Minister of National Security
- In office July 2017 – July 2020
- Premier: Edward David Burt
- Preceded by: Jeffrey Baron
- Succeeded by: Diallo Vincent Rabain

Personal details
- Party: Progressive Labour Party

= Wayne Caines =

Bermudian lawyer and politician (born 1970)

Wayne Caines is a Bermudian politician currently serving as a member of the House of Assembly of Bermuda representing Devonshire North West for the Progressive Labour Party.

Caines served as Minister of National Security from July 2017 until his resignation in July 2020.

==Education and career==
Caines is a graduate of Oakwood University in Huntsville, Alabama, the University of Kent and the Royal Military Academy Sandhurst.

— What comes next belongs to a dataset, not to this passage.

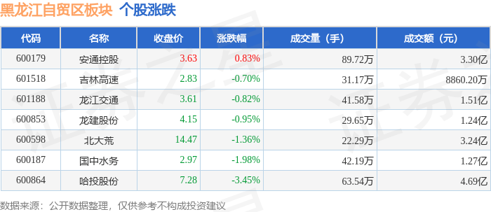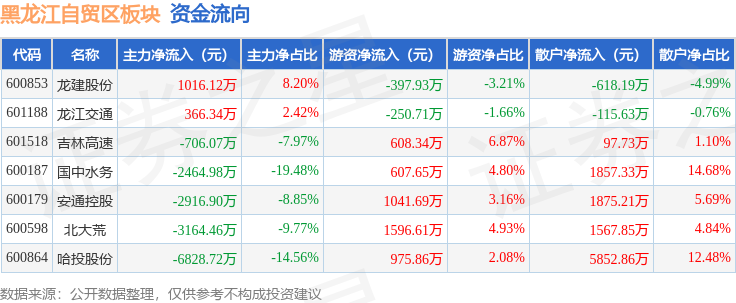 从资金流向上来看,当日黑龙江自贸区板块主力资金净流出1.47亿元,游资资金净流入4181.51万元,散户资金净流入1.05亿元。黑龙江自贸区板块个股资金流向见下表:

Prior to entering politics, Caines served as a Captain within the Bermuda Regiment, Crown Counsel at the Department of Public Prosecutions, and CEO of SENIAC Consulting.

==Political career==
Prior to entering Parliament, Caines was Chief of Staff in the Office of the Premier. He then served as a Progressive Labour Party Senator, becoming Junior Minister of Tourism, Transport, Environment and Sport.

Following the Progressive Labour Party victory at the 2017 election, in which Caines was re-elected as member for Devonshire North West, Caines was appointed as Minister of National Security. Caines was re-elected on 2020.

== Controversy ==
In the Fall of 2018, Caines visited London for Government related purposes and was involved in an incident of notoriety at a Cereal Killer Cafe chain. At the establishment when ordering his cereal, Caines asked the female worker if they had "any titty milk?". Despite issuing an apology for his unprofessional behaviour and clear sexual harassment, nothing was done by the Progressive Labour Party to punish Caines over the matter. He continued to hold his position as Minister of National Security.